Friday, May 1, 2015

Canada Carbon's Miller achieves 99.999% carbon purity

2015-05-01 12:09 ET - News Release

Mr. Bruce Duncan reports
Canada Carbon Inc. has provided the results of thermal upgrading of its Miller hydrothermal lump/vein (HLV) graphite concentrate, conducted by a graphite processing facility that processes synthetic graphite for the nuclear industry. A randomly selected run-of-mill sample of the flotation concentrate produced during pilot-plant flotation trials conducted at SGS Canada (Lakefield) was directly upgraded to 99.9998 per cent total carbon purity through thermal treatment alone. This thermal process eliminates the use of harsh chemical treatments commonly used to upgrade graphite, such as caustic bake or acid leach, which not only involve strong acids or bases that can chemically damage the graphite crystals, but which also inevitably create hazardous wastes. Most hydrometallurgical processes also involve numerous physical processing steps, which can mechanically damage the graphite crystals. The passive thermal treatment process described here, in contrast, involves only the minimal handling associated with the loading and unloading of crucibles.
A randomly selected 10 kilogram ("kg") sample of Miller flotation concentrate was withdrawn from stockpiled material stored at SGS. The sample was dried in an oven, homogenized to ensure uniformity, and then split into four sub-samples of approximately 2.5 kg each. The results reported here are with respect to one sub-sample, based on a preliminary test using the proprietary thermal upgrading process employed by a commercial processor of synthetic nuclear graphite. This processer has been producing ultra-high purity synthetic graphite for use in the nuclear industry, utilizing customized high temperature furnaces. Their proprietary processes vary to target specific elements and compounds. Contaminant-specific process optimization trials will be applied to the remaining Miller flotation concentrate samples based on the Glow Discharge Mass Spectrometry ("GDMS") assay results reported here. The results of those further trials will be reported, when available.

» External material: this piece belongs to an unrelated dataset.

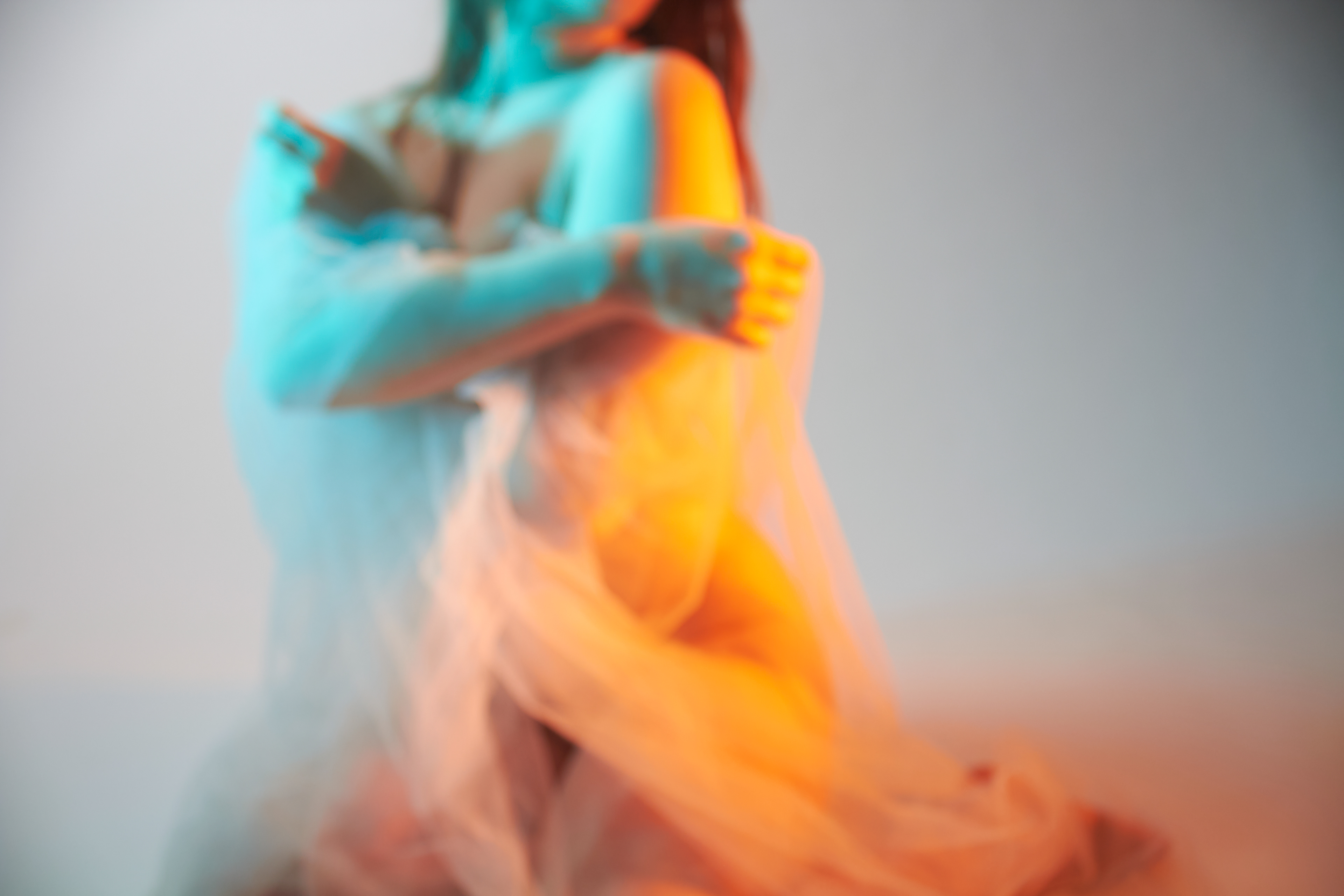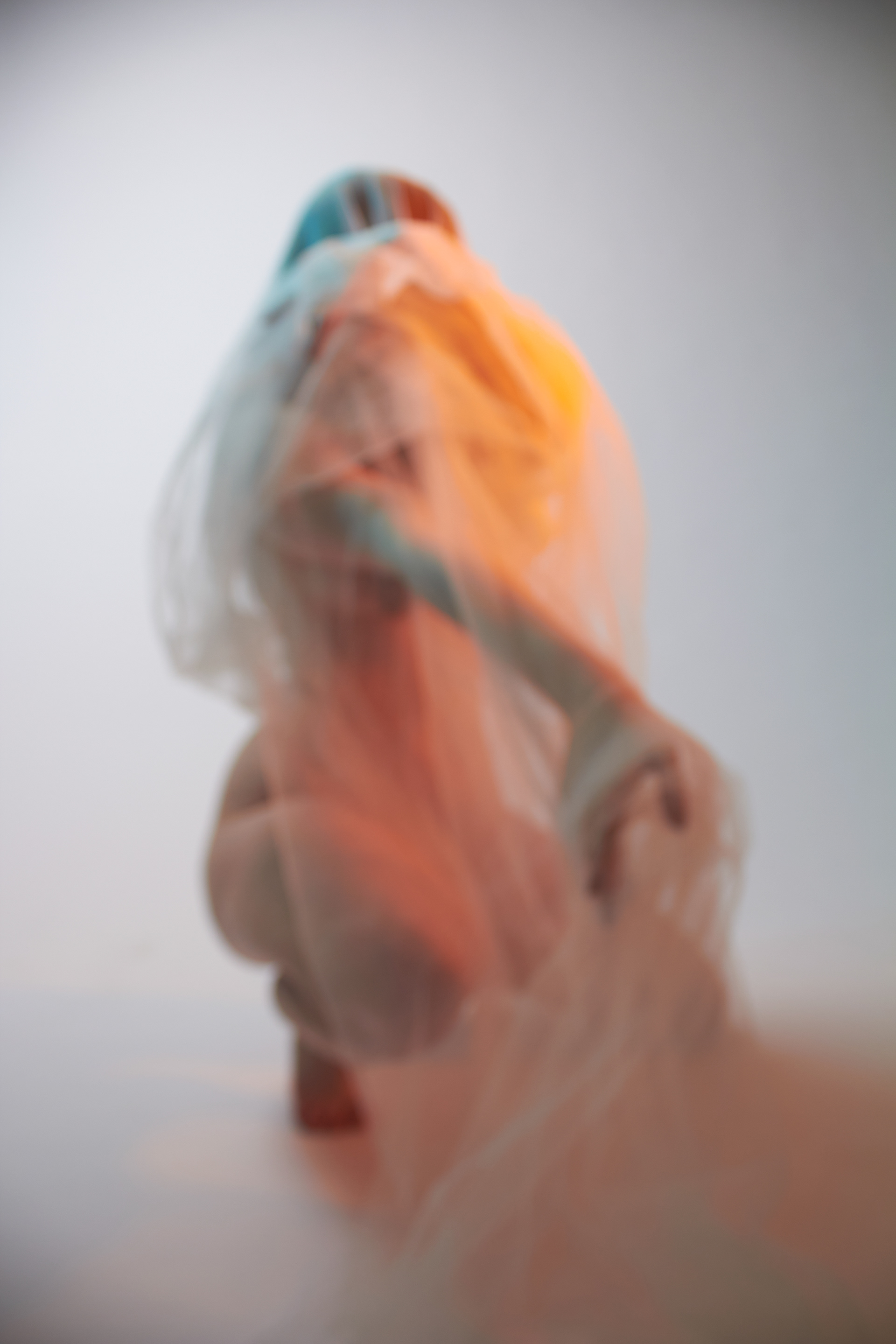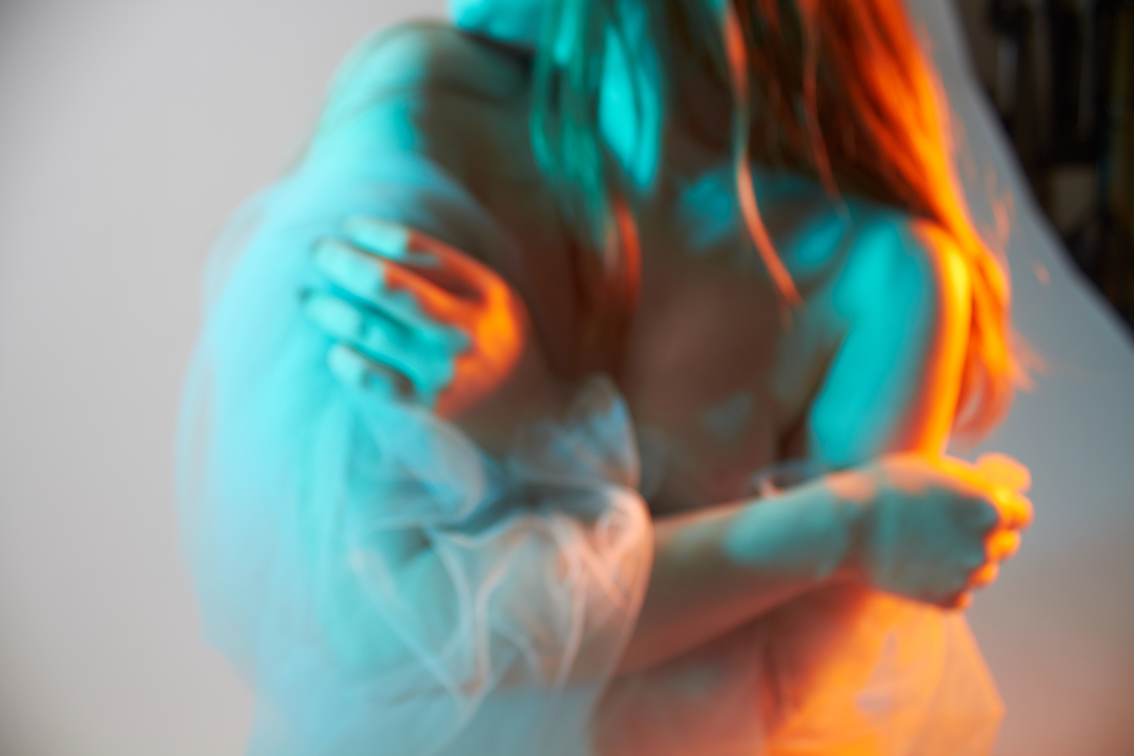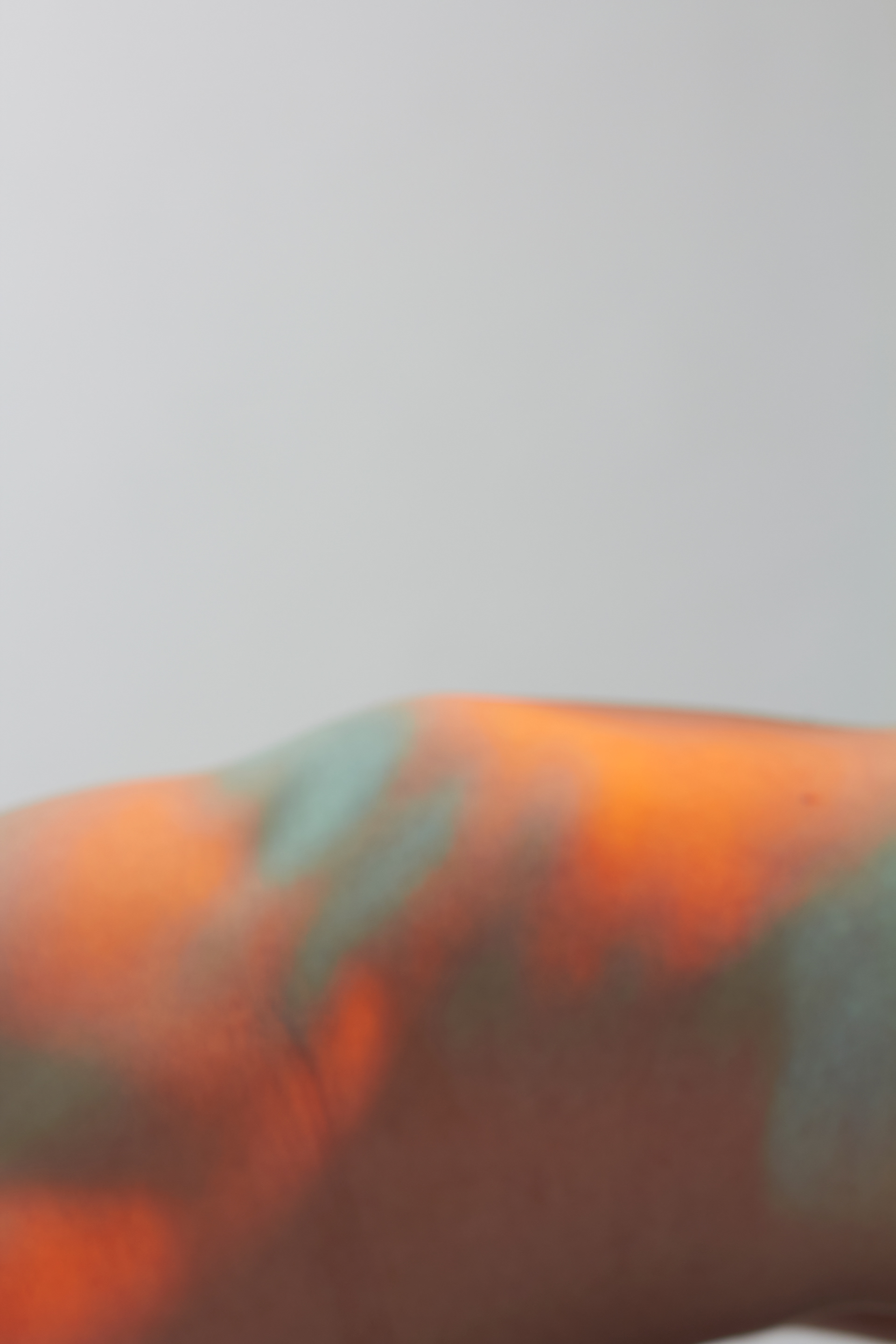 entstanden, den Perfektionismus zu umgehen und seine übrigen Sinne, hauptsächlich das Hören und Fühlen, zu schulen. Beim Fotografieren wurde also durch das fehlende Sehen mit dem Zufall des Ausschnittes gespielt. Zwar hat das Bild einen Vorder- und Hintergrund, die Konturen verschwimmen jedoch ineinander und die Komposition verzichtet absichtlich auf die gewohnte Schärfe. Es wirkt damit weniger komplex. Die verwaschenen Farben finden sich zwischen Komplementär und Warm-Kalt Kontrast wieder. Sie geben dem Körper trotz unklarer Konturen eine dreidimensionale Optik. Der weiblich gelesene Oberkörper wird wie eine Landschaft im Motiv präsentiert. Das Werk bewegt sich in einem schwingenden Zustand der Komplexität und Einfachheit, Erkennbarkeit und Unerkennbarkeit, Verstehen und Interpretation.

A GDMS assay was conducted on the thermally treated Miller HLV graphite by Evans Analytical at their facilities in Liverpool, NY. Ultra-trace amounts of six elemental contaminants were detected: boron 100 parts per billion ("ppb"), sodium 400 ppb, copper 100 ppb, zinc 80 ppb, iron 90 ppb, and silicon 1700 ppb. Statistical analysis of the GDMS results obtained from caustic bake upgrading of the Miller HLV graphite concentrate (see press release dated November 18th, 2014) had led to the development of a working hypothesis that the contaminants identified were associated with the hydrothermal matrix, rather than with the crystalline graphite itself. Under the simplifying assumption that the silicon content was a surrogate measure of the primarily silica-based hydrothermal matrix, correlational analysis of 10 measured contaminants with silicon yielded Pearson correlation coefficients ranging between 0.94 and 1.00. Linear regression of the same data yielded very small y-intercepts. The results reported here provide strong support for the hypothesis, as silicon levels in the flotation concentrate were reduced 99.94% by thermal treatment, which is associated with the removal of all but ultra-trace residual amounts of a small number of contaminants. Executive Chairman and CEO Mr. R. Bruce Duncan stated, "We are extremely pleased to learn that an existing graphite upgrading method, which is already in use to treat synthetic graphite being supplied to the nuclear industry, can be used to upgrade the Miller HLV graphite concentrate to such an extremely pure form. Despite the success of this thermal treatment trial, these results are themselves preliminary, and further optimization of the process will proceed as soon as possible. We have already begun the process of submitting this upgraded material for further testing by the nuclear industry.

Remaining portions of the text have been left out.